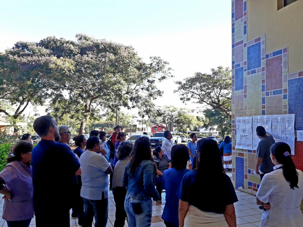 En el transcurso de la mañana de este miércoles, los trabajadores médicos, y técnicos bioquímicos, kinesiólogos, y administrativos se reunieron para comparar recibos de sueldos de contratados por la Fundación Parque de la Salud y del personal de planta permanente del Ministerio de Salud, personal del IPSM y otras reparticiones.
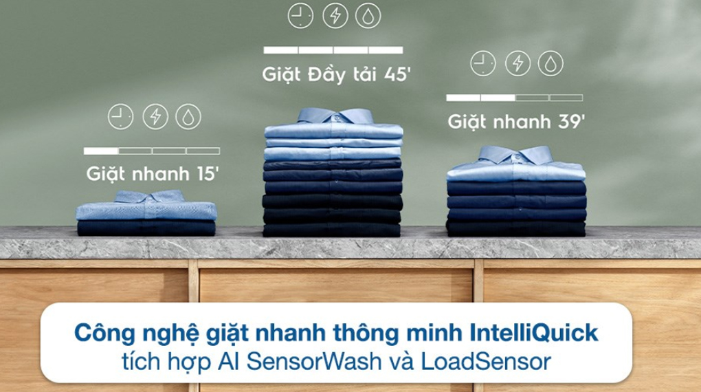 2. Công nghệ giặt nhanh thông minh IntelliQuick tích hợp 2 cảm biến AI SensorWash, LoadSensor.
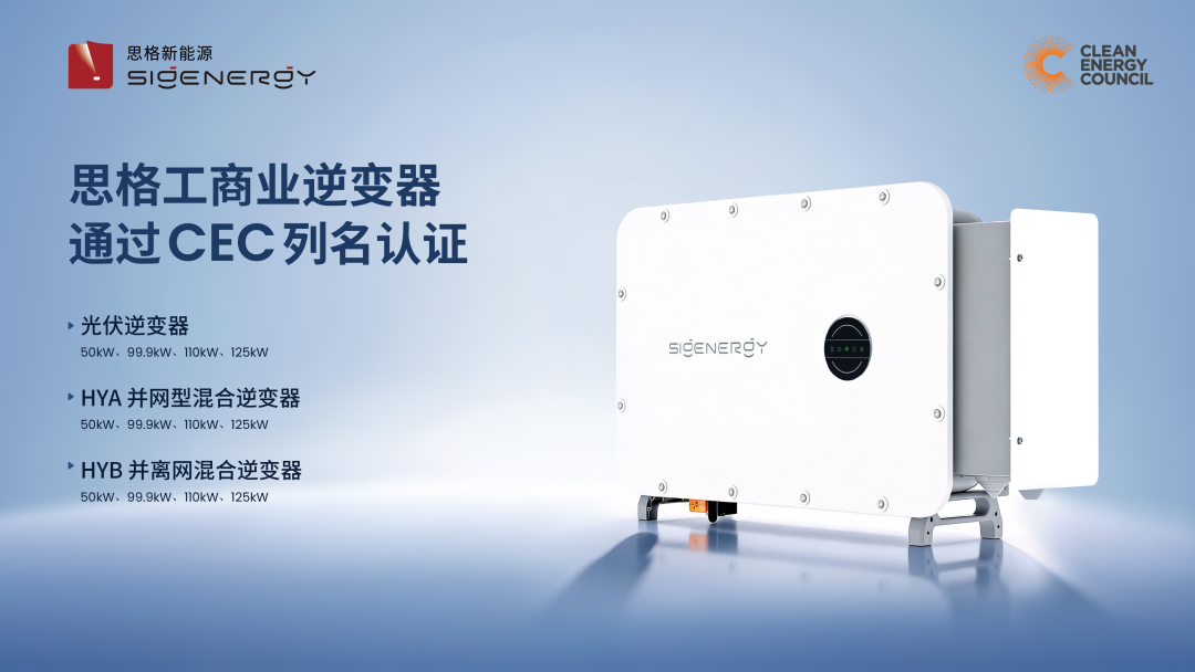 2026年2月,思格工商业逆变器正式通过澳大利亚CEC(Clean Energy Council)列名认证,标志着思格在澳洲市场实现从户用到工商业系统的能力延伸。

**Work task**
Everything in the listing must be restated word for word, except for the pictures.

**Exercise result**
 En el transcurso de la mañana de este miércoles, los trabajadores médicos, y técnicos bioquímicos, kinesiólogos, y administrativos se reunieron para comparar recibos de sueldos de contratados por la Fundación Parque de la Salud y del personal de planta permanente del Ministerio de Salud, personal del IPSM y otras reparticiones.
 2. Công nghệ giặt nhanh thông minh IntelliQuick tích hợp 2 cảm biến AI SensorWash, LoadSensor.
 2026年2月,思格工商业逆变器正式通过澳大利亚CEC(Clean Energy Council)列名认证,标志着思格在澳洲市场实现从户用到工商业系统的能力延伸。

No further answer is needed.